Education is compulsory only at the elementary school
level. It starts at the age of seven and lasts for six
years. The supplementary education starts at the age of 13
and comprises five years, divided into a three-year middle
school and a two-year higher secondary school. About 75% of
children attend school, but many quit prematurely. The
proportion of girls in primary school is almost as high as
the proportion of boys. There are two universities in the
capital Bissau, one state and one private. In addition, two
Portuguese universities have branches in the country.
The illiteracy of the adult population (over 15 years)
was previously one of the highest in the world, but since
independence it has declined and in 2009, literacy was
estimated at a total of 52% (67% for men and 38% for women).
Immediately before a state visit to Portugal in December
2009, President Sanhá fainted. He was brought to Senegal and
on to France, where the diagnosis was diabetic. However,
after lengthy visits and treatments, the president died in
January 2012. The post was taken over by Raimundo Pereira.

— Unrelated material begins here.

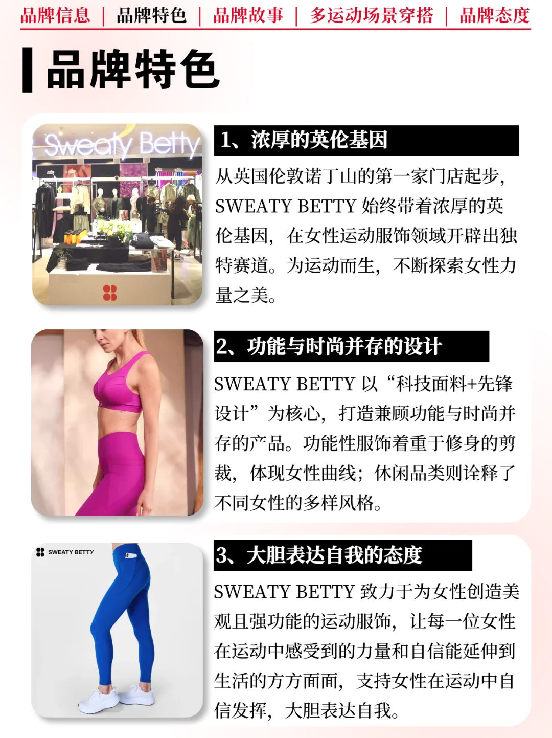 🤾♀️ 品牌理念:SWEATY BETTY 的核心理念是“通过运动展现女性原生的力量”。品牌将功能性与时尚感深度融合,支持女性在运动中自然流露自信与魅力,并在日常生活中自在从容地延续这种能量。
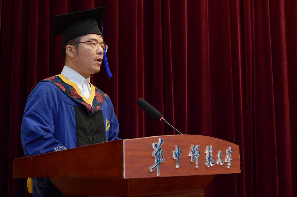 优秀毕业生代表陈思明在致谢中分享了两年求学经历中的收获与经验,勉励毕业生们用勤奋和努力攻克未来的难关,担负责任,迎接挑战。

He had since 2008 chaired the People's Assembly.
Two weeks before Sanha's death, in December 2011, Admiral
Jose Americo Bubo Na Tchuto conducted a new coup attempt.
Army Chief Antonio Indjai was reportedly arrested and Prime
Minister Gomes sought refuge at Angola's embassy. After a
few hours, however, loyal troops intervened and the picture
reversed. Na Tchuto was arrested for coup attempt.
Sanhá died on January 9, 2012, and in accordance with the
constitution that provided for new presidential elections
within 90 days, an election was held in April.
2012 Military Cup
On April 12, 2012, the military took power in a coup,
ousted the president and instead deployed a National
Transitional Council to lead the country to new elections.
The coup was conducted between the 1st and 2nd round of
presidential elections in the country, and in May the
military deployed Manuel Serifo Nhamadjo as transitional
president. He had been a candidate in the election and had
received the 3rd most votes.
The military coup was a direct consequence of the 1st
round of elections won by PAIGC's Carlos Gomez Júnior, who
had been prime minister until January. He had previously
spoken out in favor of military reform, which had made him
thoroughly unpopular within this institution. The military
was deeply involved in anesthesia smuggling through the
country and individual officers did not want to lose the
The military coup was condemned both regionally and
internationally, although the military tried to give it
legitimacy by forming a unifying government and involving
both PAIGC and the opposition. The stabilizing troops Angola
and the UN had in the country were withdrawn in June. In
October, a new minor military coup attempt was conducted,
which was turned down. At the end of the year, among other
things, the North American DEA that drug traffic through
Guinea-Bissau was increased in the second half of the year.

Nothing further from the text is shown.